[[ DATA SEGMENT, beginning ]]
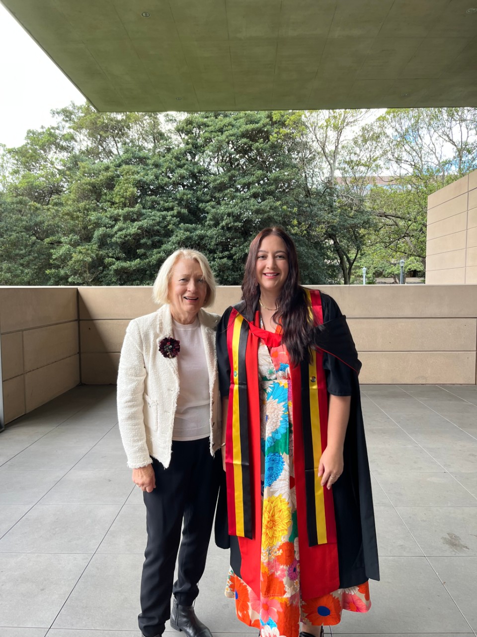 Margaret Turner (left) and Simone Sherriff (right) reunite after the graduation ceremony.
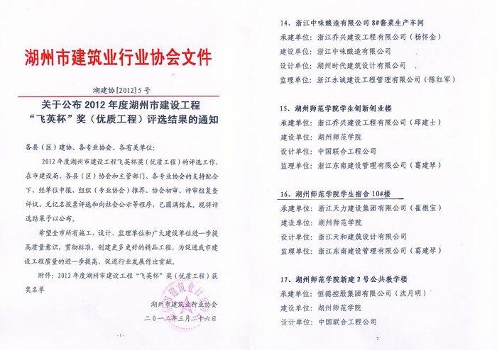 湖州師范學(xué)院學(xué)生宿舍10#樓工程榮獲2012年度湖州市“飛英杯”
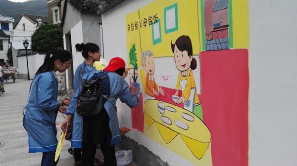 瓯网讯(严晓秋)昨日,由beat365官方网站教师教育学院和美术与设计学院共同发起“”弘扬传统文化 ,共建美丽乡村”活动再次吹响五四青春的号角。由教师教育学院美术工作坊指导老师陈铿和学生科严晓秋老师带队,30余位学生志愿者,前往乐清虹桥镇大乌石村开展公益墙绘活动。
[[ DATA SEGMENT, end ]]
Leave the images aside and retype each line of the listing above exactly.

 Margaret Turner (left) and Simone Sherriff (right) reunite after the graduation ceremony.
 湖州師范學(xué)院學(xué)生宿舍10#樓工程榮獲2012年度湖州市“飛英杯”
 瓯网讯(严晓秋)昨日,由beat365官方网站教师教育学院和美术与设计学院共同发起“”弘扬传统文化 ,共建美丽乡村”活动再次吹响五四青春的号角。由教师教育学院美术工作坊指导老师陈铿和学生科严晓秋老师带队,30余位学生志愿者,前往乐清虹桥镇大乌石村开展公益墙绘活动。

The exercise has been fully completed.